The team identified 65 different fragments of the SARS-CoV-2 protein Pp1ab, an RNA replicase enzyme essential to the virus’s replication and specific to the virus. Fragments of this protein were identified in samples from all 14 patients, but not in each sample analyzed.
Points to consider
While the proteins seeming ubiquity and specificity marks it a promising potential biomarker, the team are yet to understand why it wasn’t detected in every sample, theorizing that the exercise may have impacted the production or release of viral particles, or that there may simply be different timepoints at which the proteins are present in high enough concentrations to be detected.

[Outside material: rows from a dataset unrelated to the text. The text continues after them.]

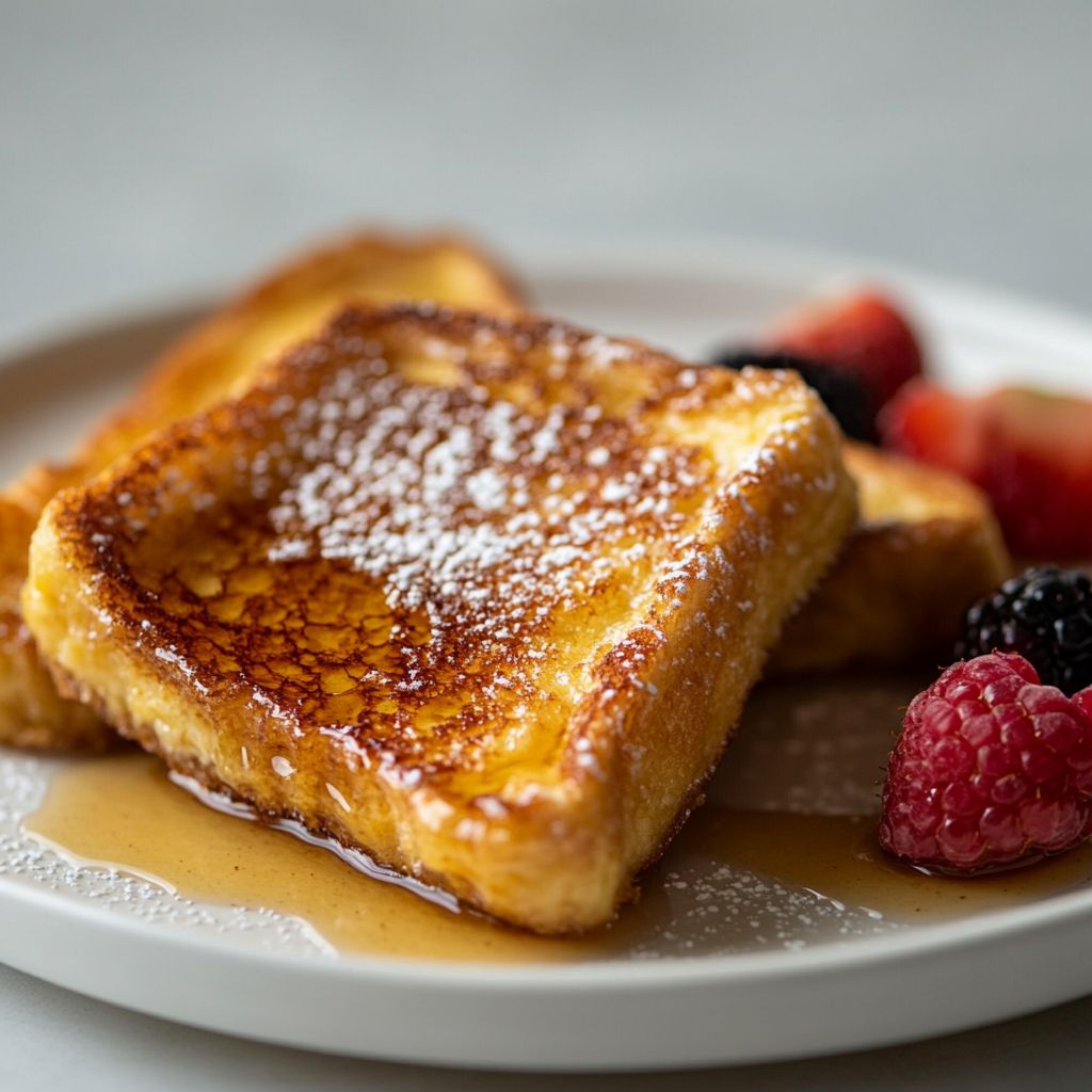 • Serve the brûléed French toast immediately while the top remains crisp; drizzle with pure maple syrup and garnish with fresh berries or sliced fruit for brightness, offering a contrast to the rich custard.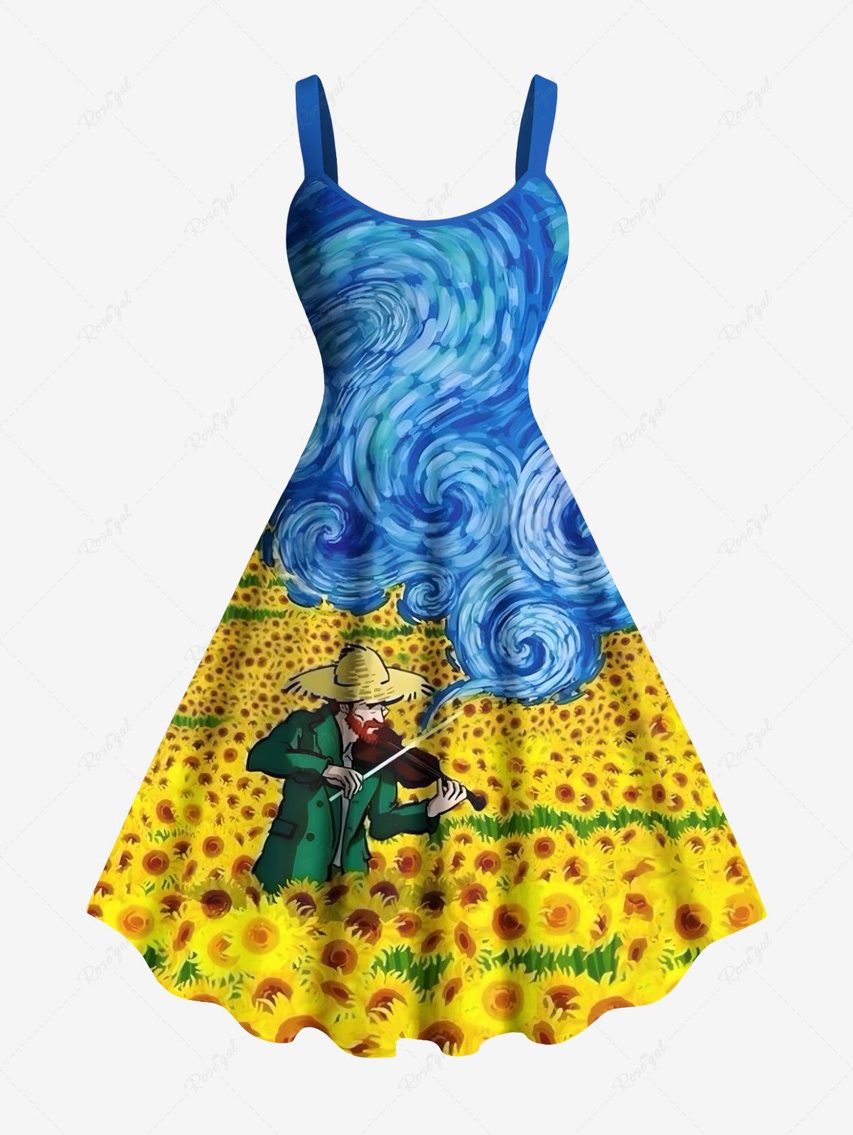 Plus Size Oil Painting Swirls Musician Sunflowers Print Hawaii Tank Dress - 4x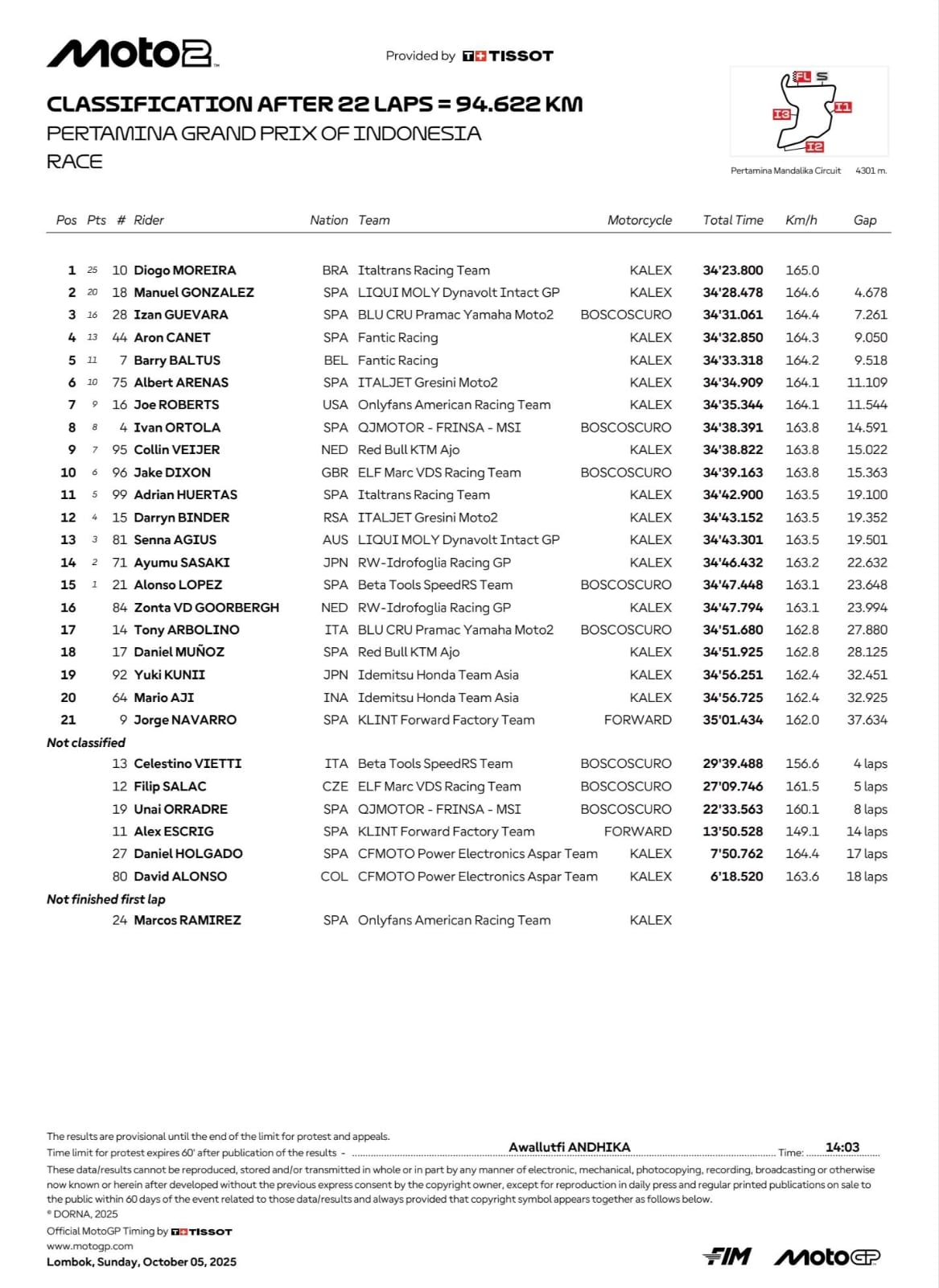BeritaBalap.com- Pembalap asal Brasil yang bermukim di Spanyol, Diogo Moreira berhasil meraih podium juara Moto2 Mandalika Lombok, Minggu (5 Okt). Jadi menyempurnakan pencapaian yang merebut pole position dalam sesi kualifikasi Sabtu

Stringer highlights another key limitation, “We haven’t run [our tests] on people without long COVID symptoms who are currently, or who were, infected with COVID.” This raises the question: are the protein fragments observed the remnants of cells “taking out the trash” from infected cells or are they the result of active replication?
However, if the team are able to validate this biomarker candidate, it will represent a huge step forward for the diagnosis of long COVID, bringing much-needed clarity to an otherwise nebulous condition.